On voulait que l’évêque haït le péché et non le pécheur[2] ; qu’il supportât le faible ; qu’il eût un cœur de père pour les pauvres[3]. Il devait néanmoins garder quelque mesure dans ses dons et ne point entretenir de profession dangereuse ou inutile, comme les baladins et les chasseurs[4] : véritable loi politique qui frappait d’un côté le vice dominant des Romains, et de l’autre la passion des barbares.

Si l’évêque avait des parents dans le besoin, il lui était permis de les préférer à des étrangers, mais non pas de les enrichir ; " car, dit le canon, c’est leur état d’indigence et non les liens du sang qu’il doit regarder en pareil cas[5]. "
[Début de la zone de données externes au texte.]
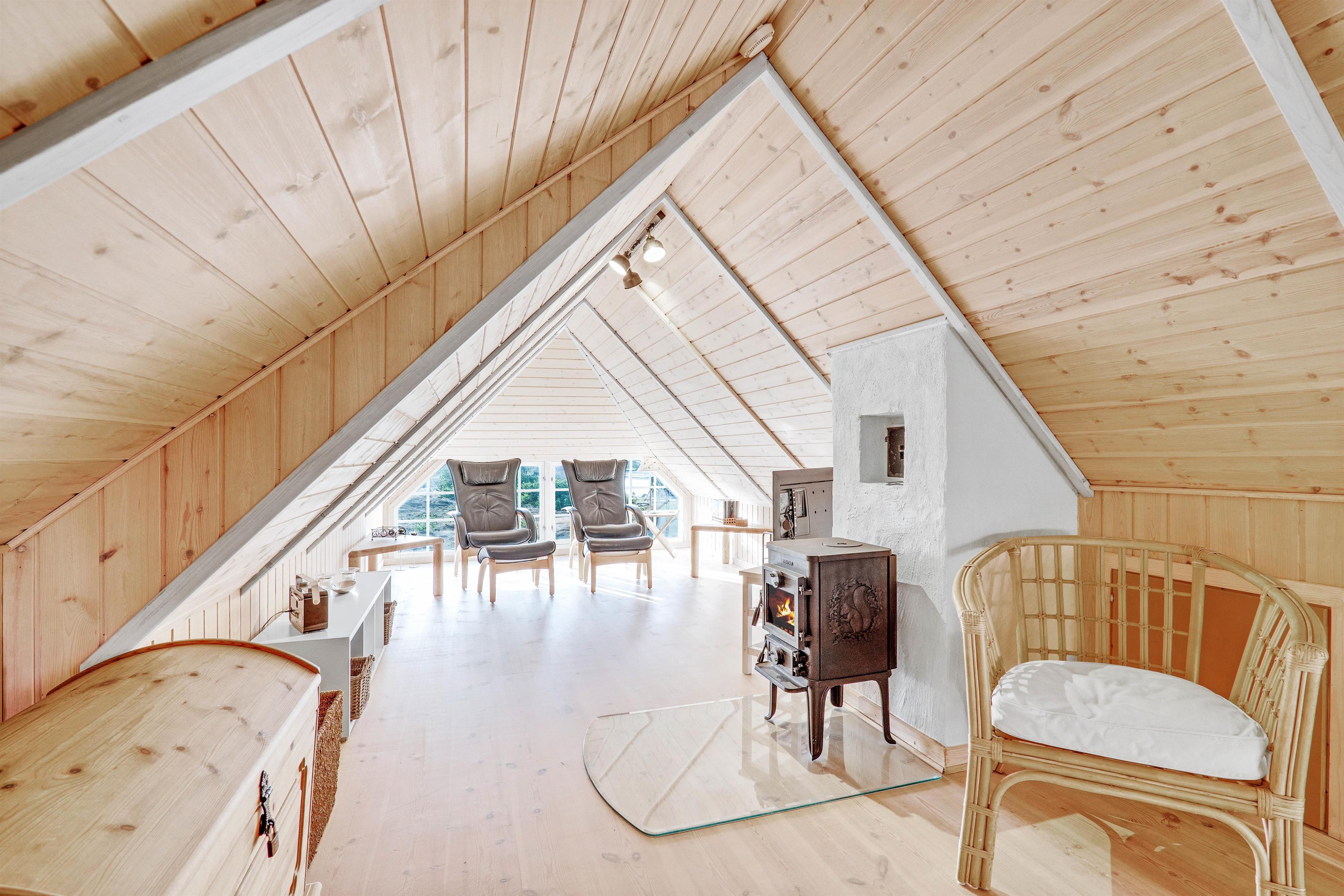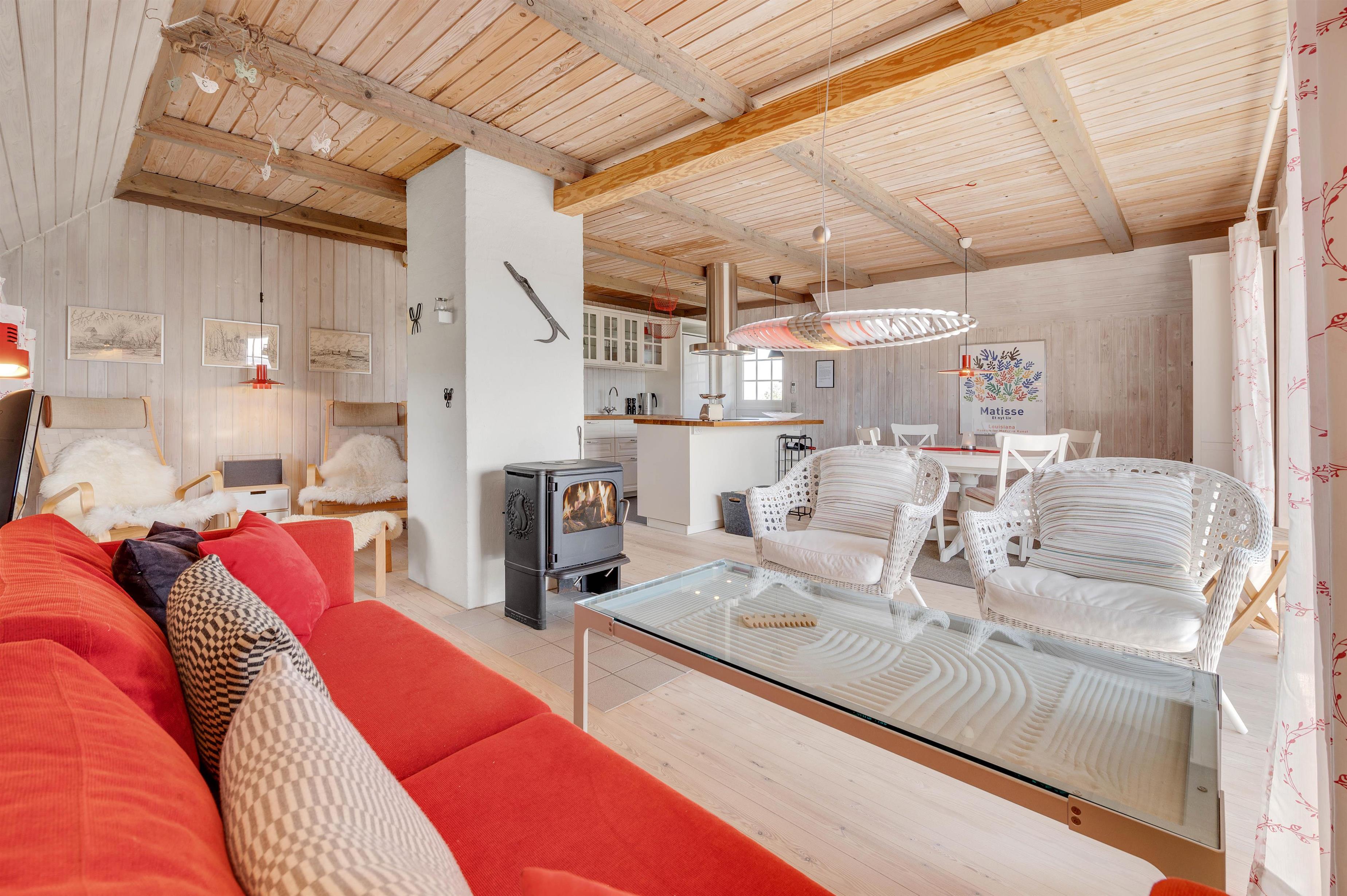 Det rustikke og hyggeligt indrettede opholdsrum indbyder, i kombination med velovervejede detaljer, til ren afslapning for hele familien. Her kan alle samles til hyggelige stunder, og som prikken over i´et sørger brændeovnen for at sprede både varme og ekstra feriestemning.

Faut-il s’étonner qu’avec tant de vertus les évêques obtinssent la vénération des peuples ? On courbait la tête sous leur bénédiction ; on chantait Hosannah devant eux ; on les appelait très-saints, très-chers Dieu, et ces titres étaient d’autant plus magnifiques qu’ils étaient justement acquis.

Quand les nations se civilisèrent, les évêques, plus circonscrits

  1. Lois eccl. de France, p. 751. (N.d.A.)
  2. Lois eccl. de France, can. Odio. (N.d.A.)
  3. Lois eccl. de France, loc. cit. (N.d.A.)
  4. Lois eccl. de France, can. Don. qui venatoribus. (N.d.A.)